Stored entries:
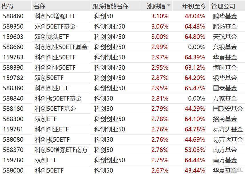 科创50增强ETF、双创龙头ETF涨超3%;科创创业50ETF、双创ETF、科创创业ETF、科创板50ETF、科创50ETF涨超2.6%。
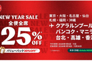 AirAsia(エアアジア)は2026年1月5日より、全便全席25%オフセールを実施しています。 こちらは新春セールです。 日本路線と価格 東京(羽田空港)⇔マレーシア(クアラルンプール国際空港) 21,5…
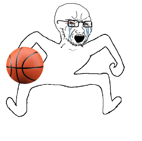 A crying Soyjak meme character, drawn in an outline style, is shown dribbling a realistic basketball.
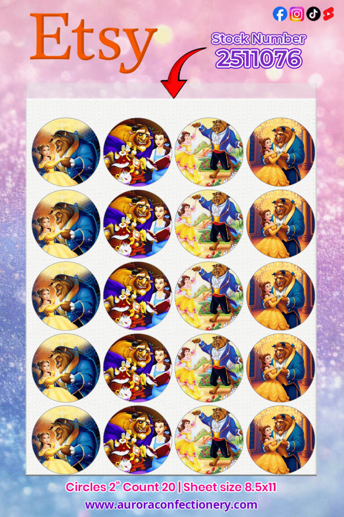 Add an enchanting touch to your next celebration with our Beauty and the Beast inspired edible cupcake toppers. This sheet features vibrant scenes of the beloved couple, including ballroom moments, character group portraits, and beautifully detailed illustrations, all printed on a premium 8.5″ x 11″ frosting sheet. Perfect for cupcakes, cookies, cake pops, and more, these edible images make decorating fast, polished, and party-ready.
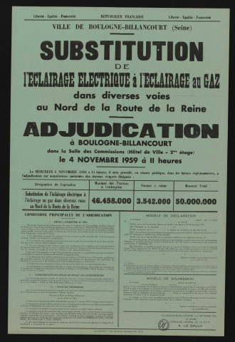 Substitution de l'éclairage électrique à l'éclairage au gaz dans diverses voies au Nord de la Route de la Reine : adjudication,
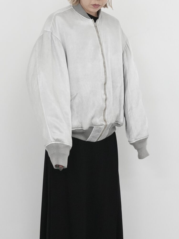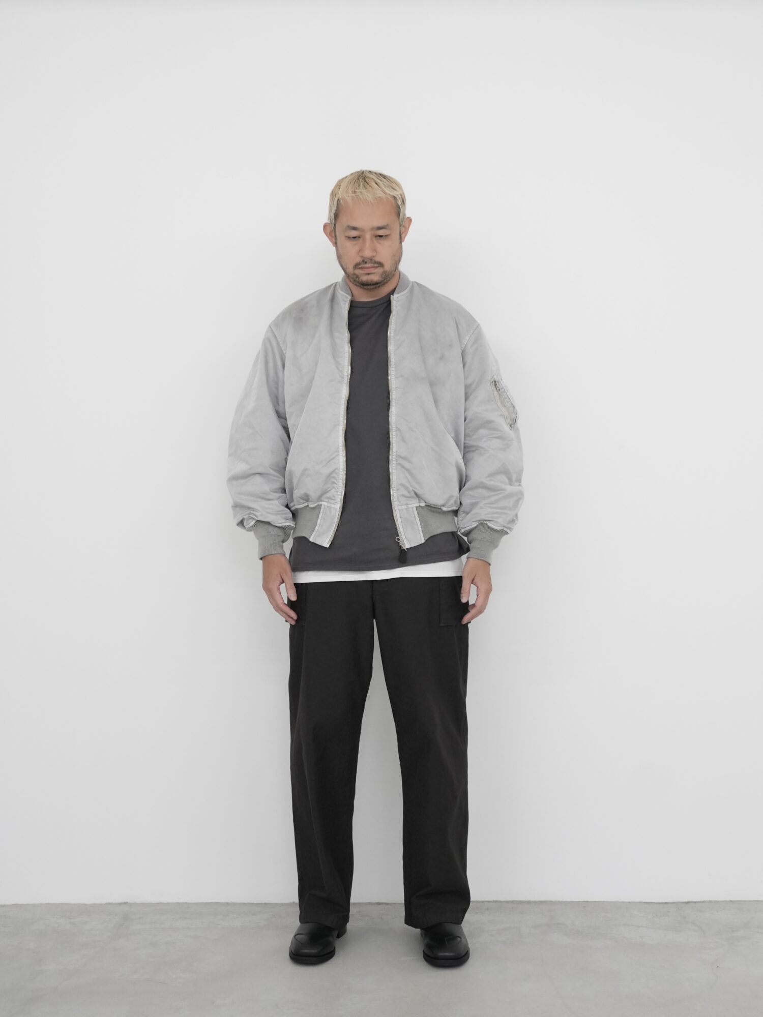 ベンガラ染めの手法で職人により1点1点手染めされた BOMBER JACKET。
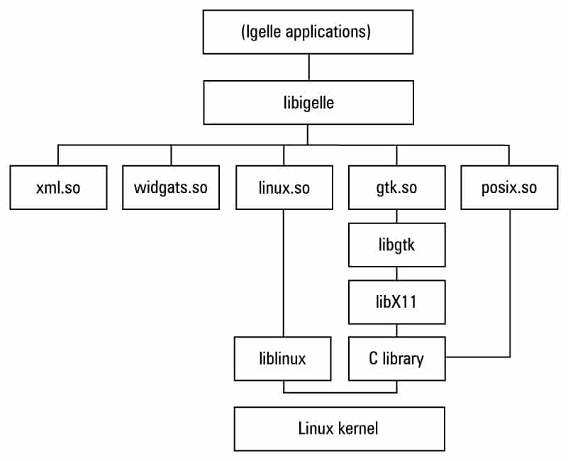 There was also an interior redesign of the system’s architecture. Now, if you decide to create a fully portable Igelle application or package, it will be tied to the special library libigelle. This library alone will later decide exactly what resources are needed for this application, and dynamically reroute the necessary requests to the required underlying libraries (see Figure 7).
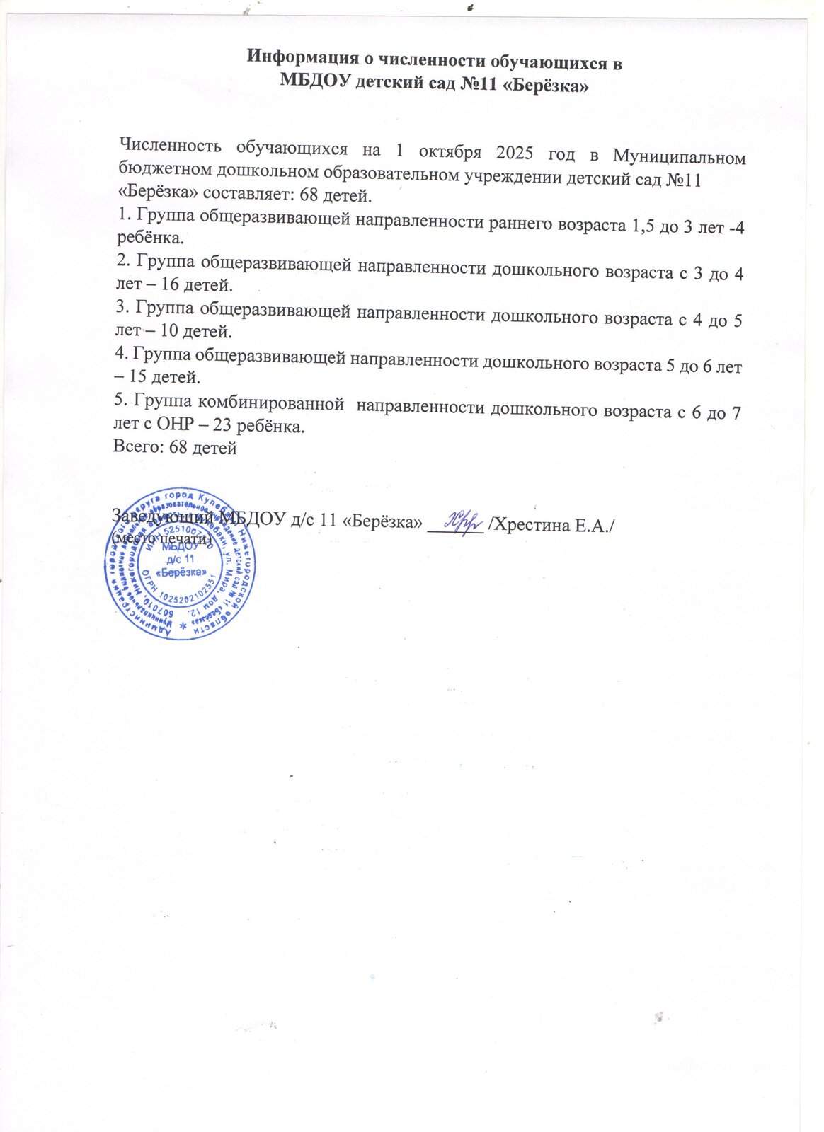 - Группа общеразвивающей направленности дошкольного возраста 3-4 лет. - 12 воспитанников;
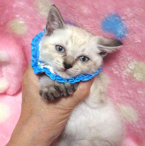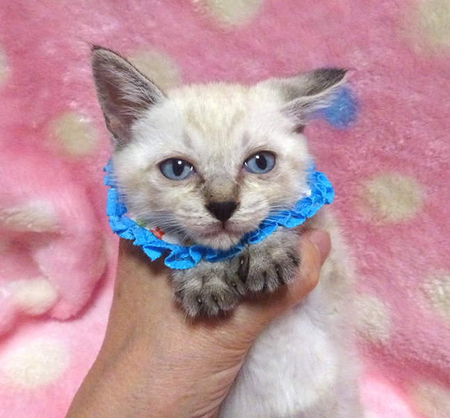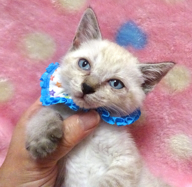 | 特徴(性格など) | 【猫の仮名】ソラくん (担当 松嶋) 【毛色・柄】シャム系、青い目、短いかぎシッポ 穏やかな性格で、猫を飼うのが初めての方でも大丈夫です♪ 走っても大丈夫なペット可のお住まいで、家族の一員として生涯大切にして下さるご家族を募集しています。 猫だけのお留守番が長時間でないご家族を希望します。 保護主の希望により、お一人暮らし、同棲中の方、ご高齢の方には譲渡できません。 |
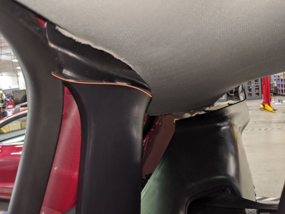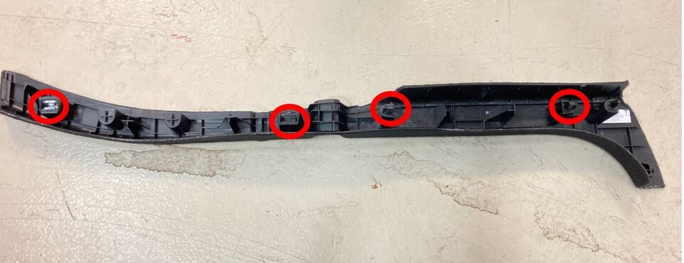 참고2x connectors, 1x push clip, 8x clips, 7x tabs, guide front clip stanchions around LH C-pillar, trim part may slightly differ, by vehicle build location
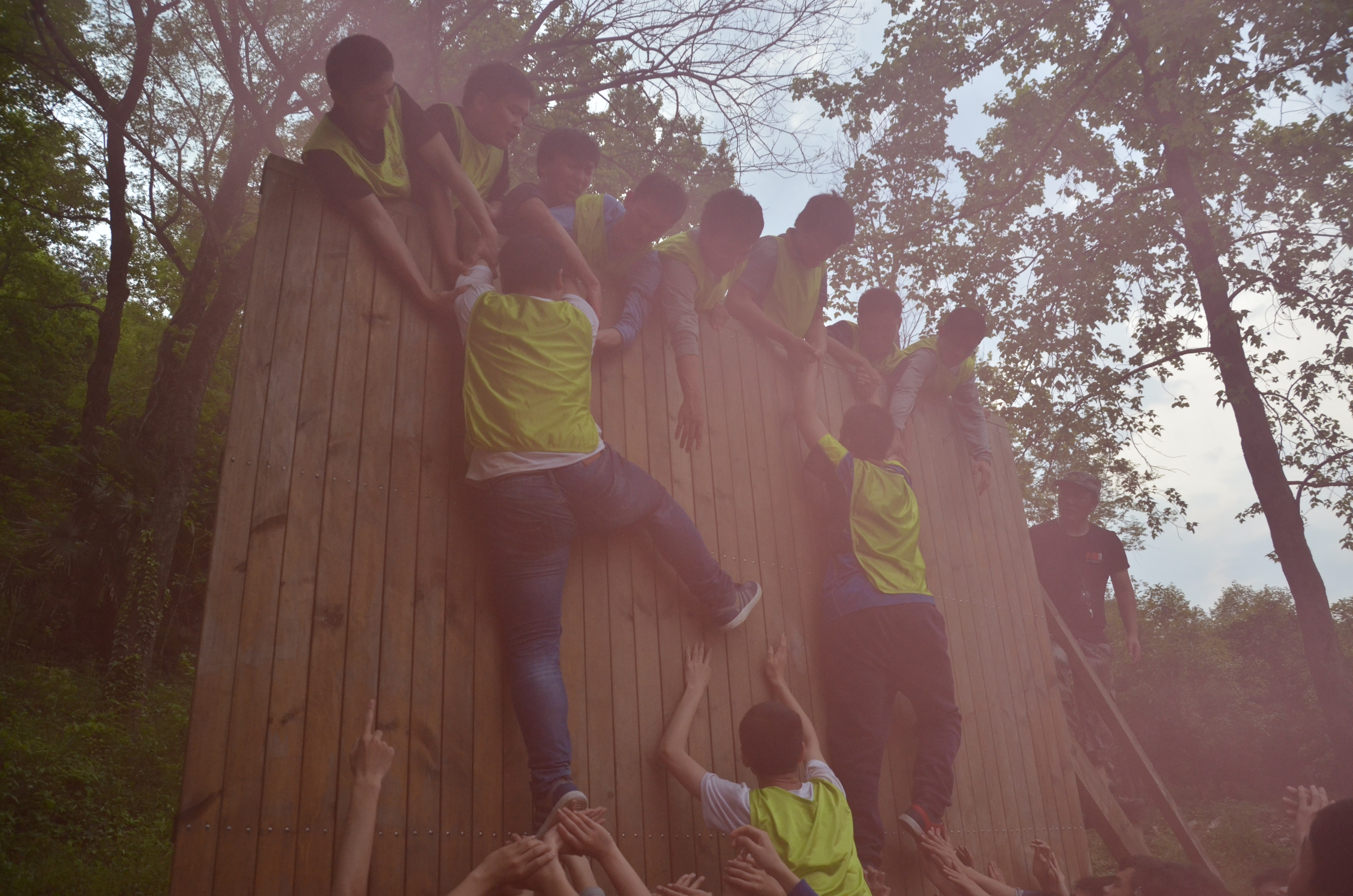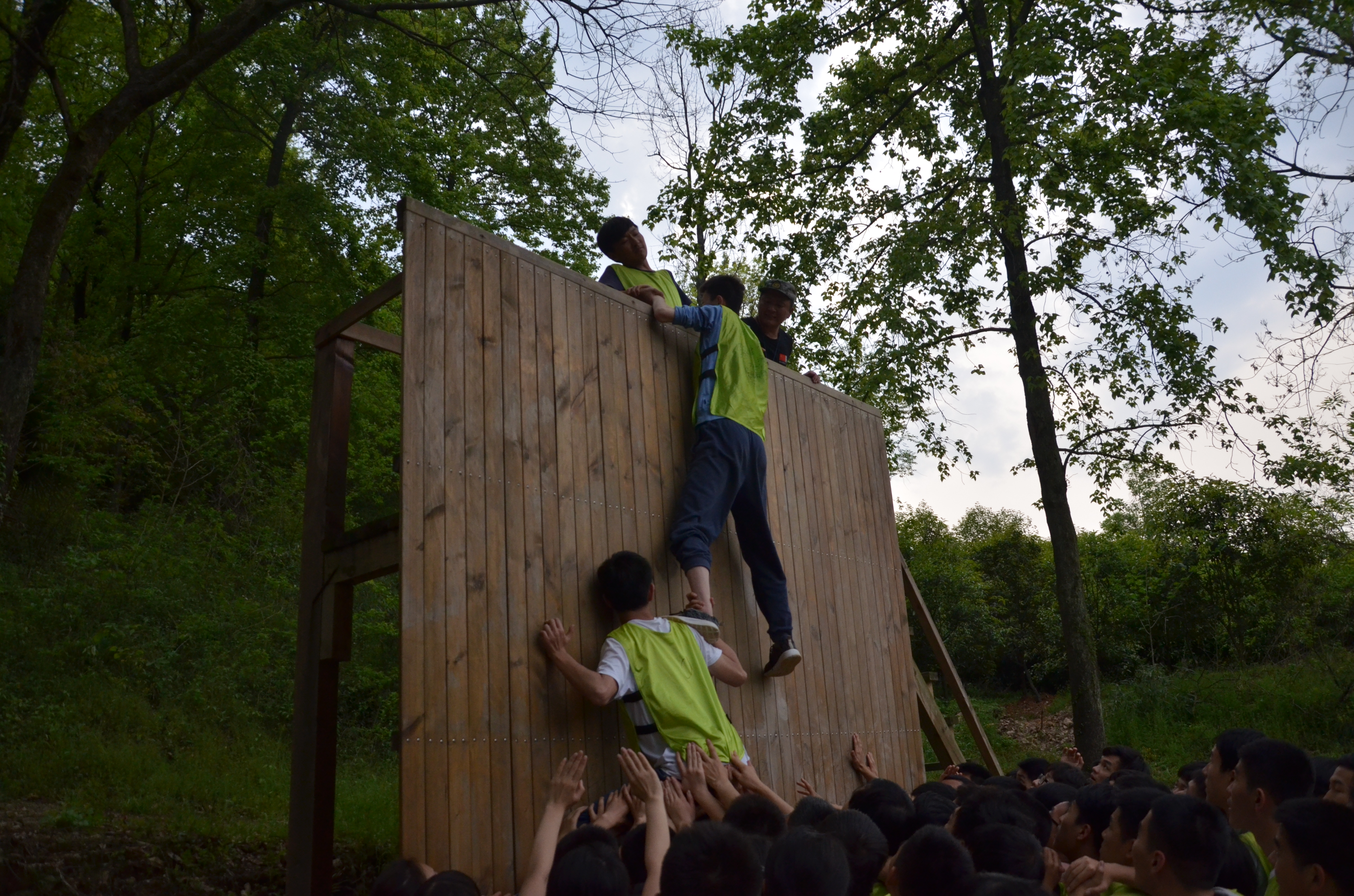 最后是“翻越逃生墙”的项目,这也是这一天中最具挑战性的项目。全队所有成员在规定的时间内翻越一面高4.2米的光滑墙面,在此过程中,大家不能借助任何外界的工具,包括:衣服、皮带、绳子等。所能用的资源只有每个人的身体。当需要同学自愿当“人墙”、第一个和最后翻越的同学,有许多同学主动站出来的时候,大家的激情都被点燃了。第一个同学由于无人在上方接应,所以需要临时两层人墙,同时也对他的臂力和腰力是一个巨大的考验。在大家的加油呐喊之下,第一位同学不负众望,顺利登顶。在一位同学的接应之下,第二位同学也顺利登顶,紧接着第三位、第四位……整个过程中,教官还设置了烟雾障碍。尽管烟雾刺鼻熏眼,但是当人墙的同学、在墙顶接应的同学仍然十分积极卖力,丝毫没有懈怠。最后,只剩一个同学时,伴随着同学们“不抛弃,不放弃”的呐喊,墙顶同学以倒挂金钩的方式,“营救”最后一位同学,最后一位同学也顺利登顶。这个项目让学员懂得个人目标与团队目标的关系,只有团队获得胜利才有真正的胜利。
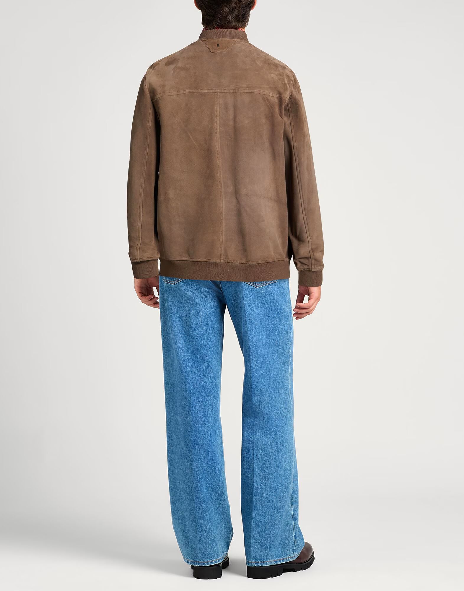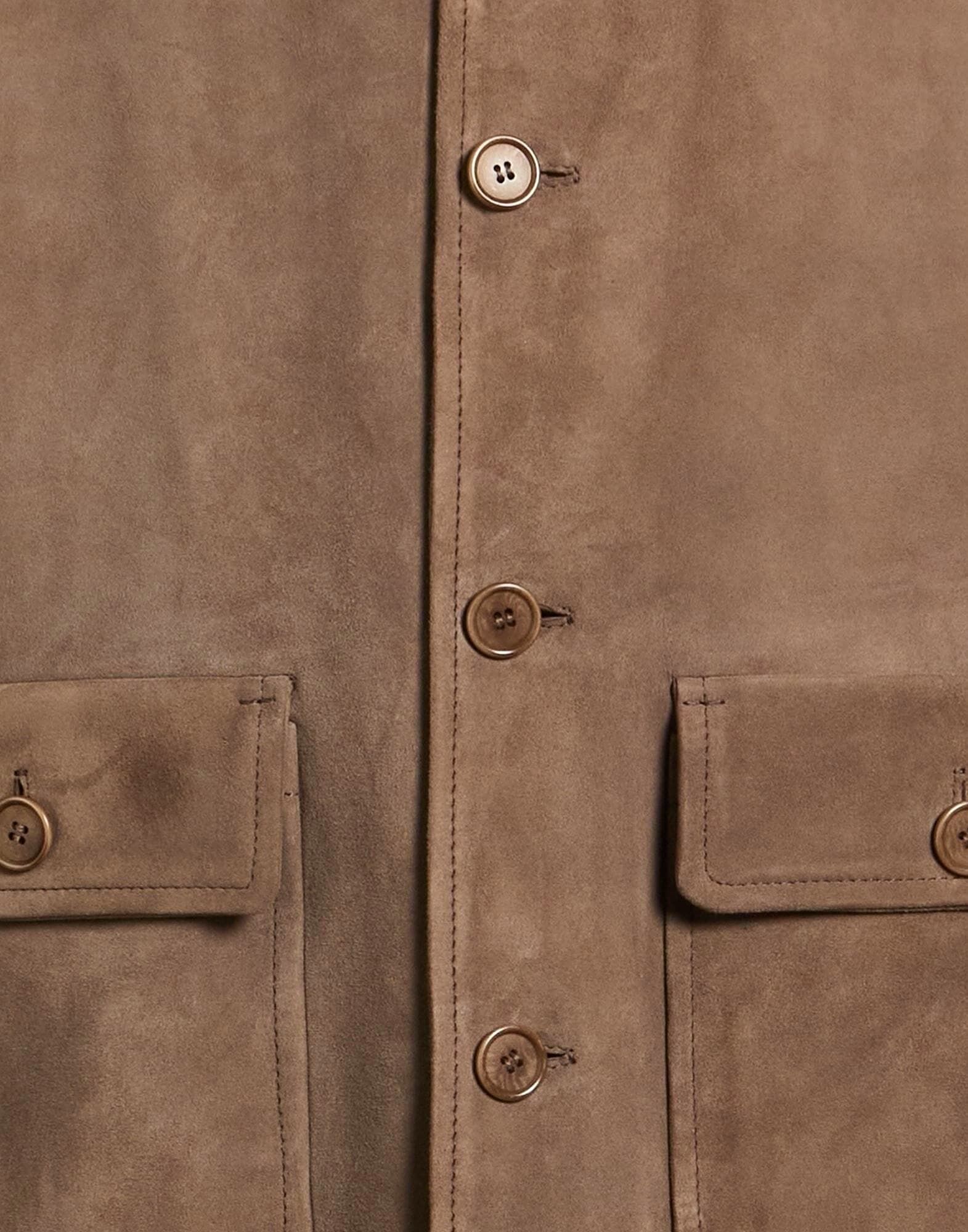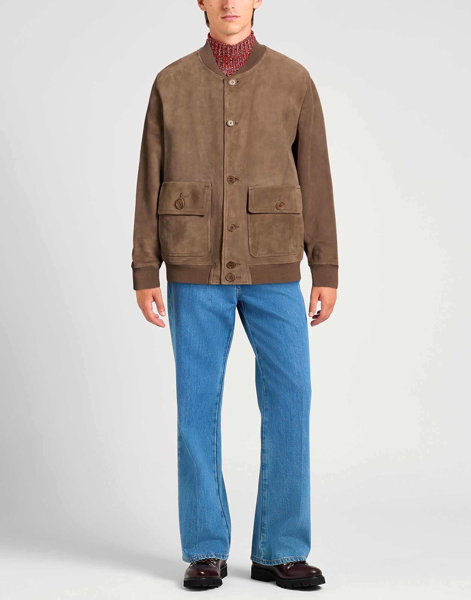 Повседневная куртка, замша, однотонная, логотип бренда, трикотажная отделка, длинные рукава, без подкладки, застежка на пуговицы, накладные карманы, содержит нетекстильные части животного происхождения, не стирать, не отбеливать, не сушить в сушильной машине, не гладить, размеры этой марки маломерят

GOAL OF THE EXERCISE: Look above for the line containing "- Группа общеразвивающей", then write out every line from there down to the line containing "참고2x connectors, 1x", that line included, with no pictures.

SOLUTION TO THE PROBLEM:
 - Группа общеразвивающей направленности дошкольного возраста 3-4 лет. - 12 воспитанников;
 | 特徴(性格など) | 【猫の仮名】ソラくん (担当 松嶋) 【毛色・柄】シャム系、青い目、短いかぎシッポ 穏やかな性格で、猫を飼うのが初めての方でも大丈夫です♪ 走っても大丈夫なペット可のお住まいで、家族の一員として生涯大切にして下さるご家族を募集しています。 猫だけのお留守番が長時間でないご家族を希望します。 保護主の希望により、お一人暮らし、同棲中の方、ご高齢の方には譲渡できません。 |
 참고2x connectors, 1x push clip, 8x clips, 7x tabs, guide front clip stanchions around LH C-pillar, trim part may slightly differ, by vehicle build location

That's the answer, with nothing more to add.